First, the Ceremony. Heather and Ray looked good, and I was happy to see the mixture of people in the room. (It's not often that I'd see my Granny Laidlaw sitting that near to my Dad!) It was also very nice the way some of the groom's guests were mixed up with the bride's, and vice versa. It gave us a better chance to get to know each other. We'd never met before, and at the reception, we were sitting at separate tables.

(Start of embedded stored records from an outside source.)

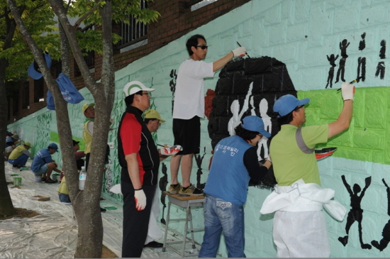 포스코가 학교폭력예방사업‘우리 학교는 친친 와이파이존”의 일환으로 포스코건설, 포스코 A&C, YWCA, 광영중학교 미술부 학생들과 함께 19일부터 3일간 광영중학교에서 ‘공간바꾸기 벽화작업’을 실시했다.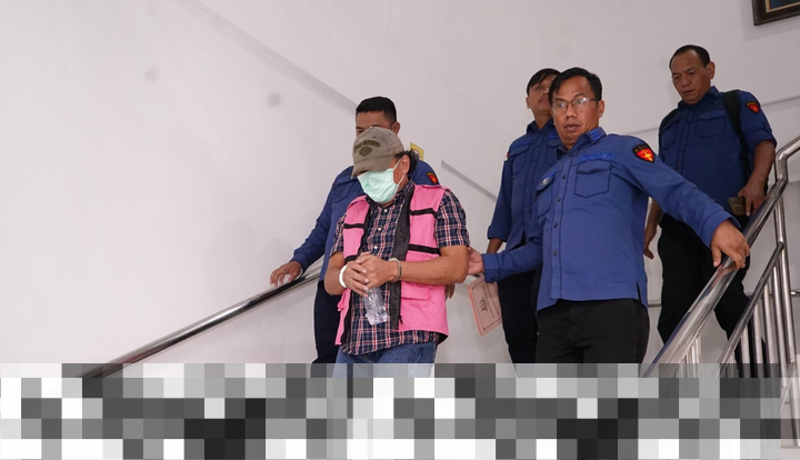 Tersangka Baru Kasus PNBP Pelabuhan Belawan Menutupi Wajah dengan Topi dan Masker
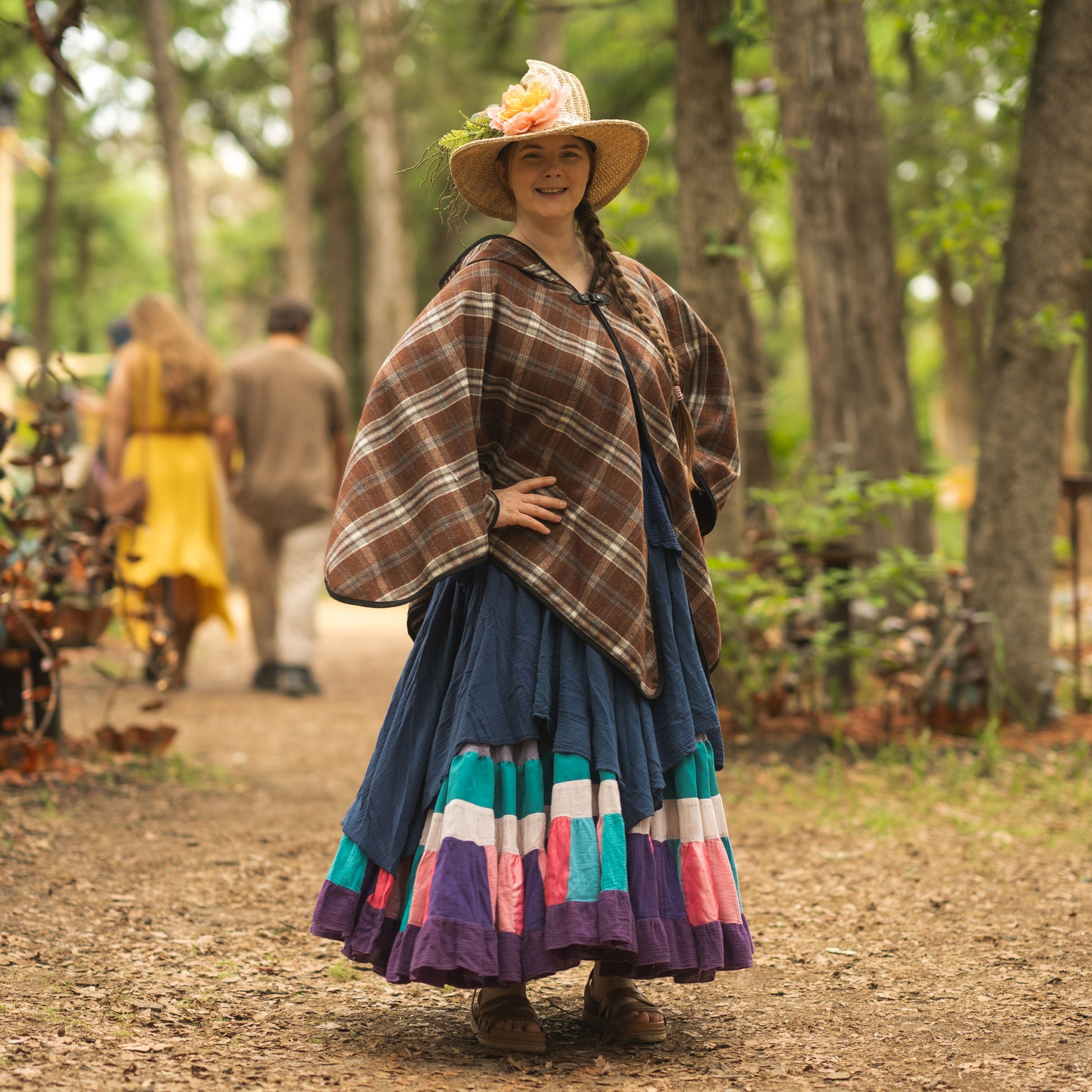 A simple cloak made from a medium weight wool and polyester blend Melton fabric. The Apprentice Adventurer cloaks have a deep hood and a pointed hemline, with a leather snap style clasp.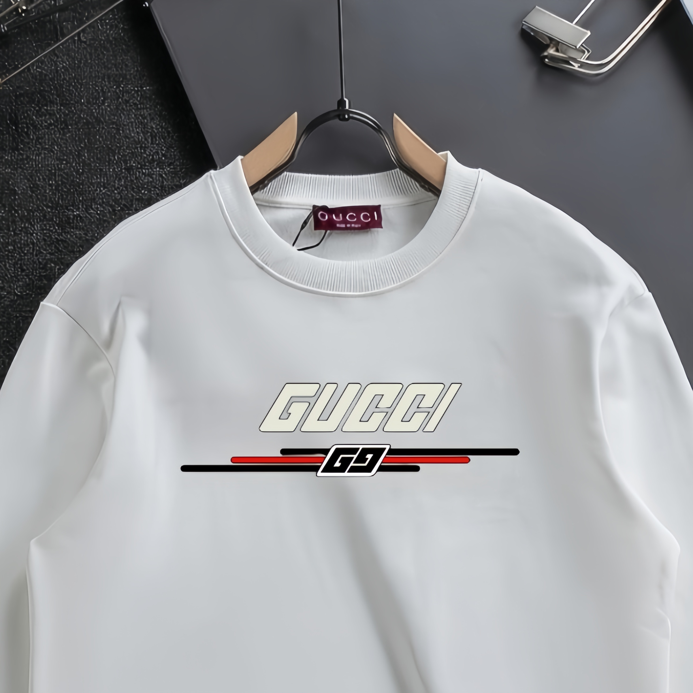 这款衣服是AAAAA 1:1 质量 (非常棒). 使用了和原版一模一样的材料. 商标部分也保持了和古奇/Gucci一样. 图片拍摄是实物衣服拍摄, 您所收到的实物保证和我们图片一模一样.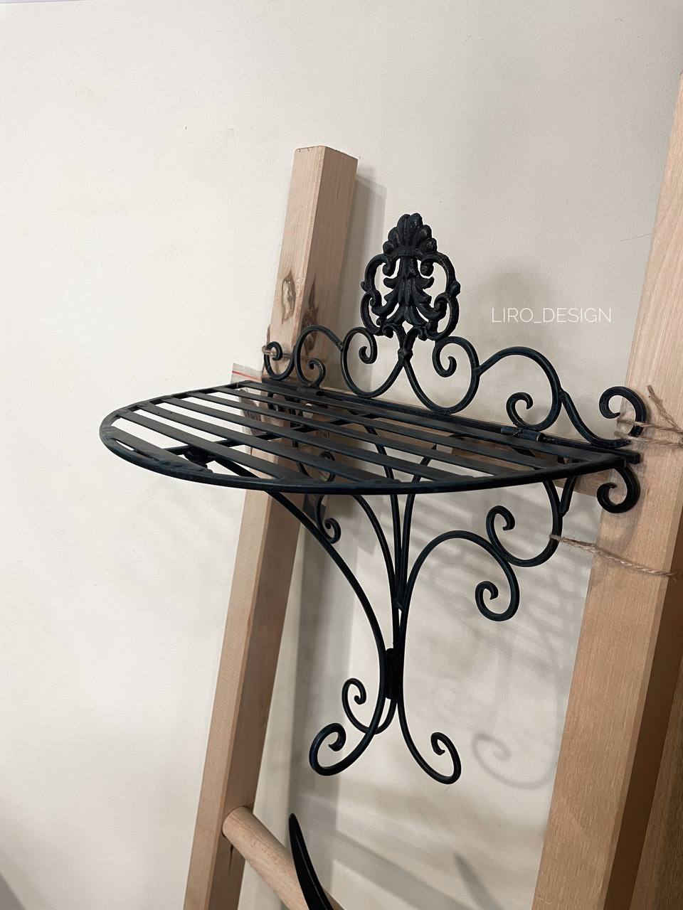Міцна металева конструкція забезпечує надійність і довговічність, дозволяючи розміщувати як декоративні елементи, так і більш вагомі предмети. Полиця ідеально підходить для книг, ваз, свічок, рослин чи улюблених дрібниць, допомагаючи створити охайний і продуманий простір.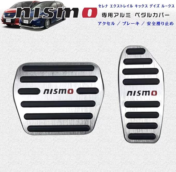 高級感のある、2ピースのアルミ製ペダル。NISMO(ニスモ) 車オルガン式ペダル採用車に適合します。アルミペダル(アクセルペダルカバー、ブレーキペダルカバー)の2ピースセットです。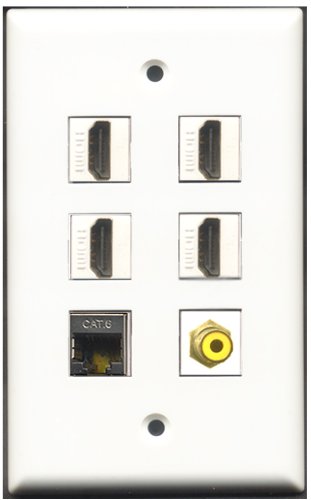 RiteAV - 4 Port HDMI 1 RCA Yellow 1 Shielded Cat6 Ethernet Wall Plate

What seemed odd in the ceremony, was how serious Heather and Ray both looked. I'm not sure if there was any smiling at all. And then there was the praying over the couple. Ok: if they are religious, I can see the point of saying, "Father, Bless this new couple, and their union." But six or eight different people saying it? It seemed... a little excessive. And I was unprepared for the way in which the did the prayer; One person speaking, and the others mumbling something along, and seemingly, giving a different prayer simultaneously. I've since been informed that it's a normal way of praying for Heather and Ray's church, but it sure struck me at the time as peculiar.

Now, onto the Reception.

I found it unfortunate that there was essentially no mingling between the bride's guests and the groom's. But then, at the same time, I was also happy to have family and friends sitting all around me, so I could catch up with them. The food was good, and plentiful, (I know that's not important to you, the reader, but it is something important to me!) The reception... went on too long though. It's what I'm most critical of. First of all, the master of ceremonies... was all right to listen to, though he had little or no idea how to present his body in front of a crowd. The other thing he did was talk too much about himself, and his own life, and about things that had nothing at all to do with the bridal pair. And this behaviour was unfortunately repeated.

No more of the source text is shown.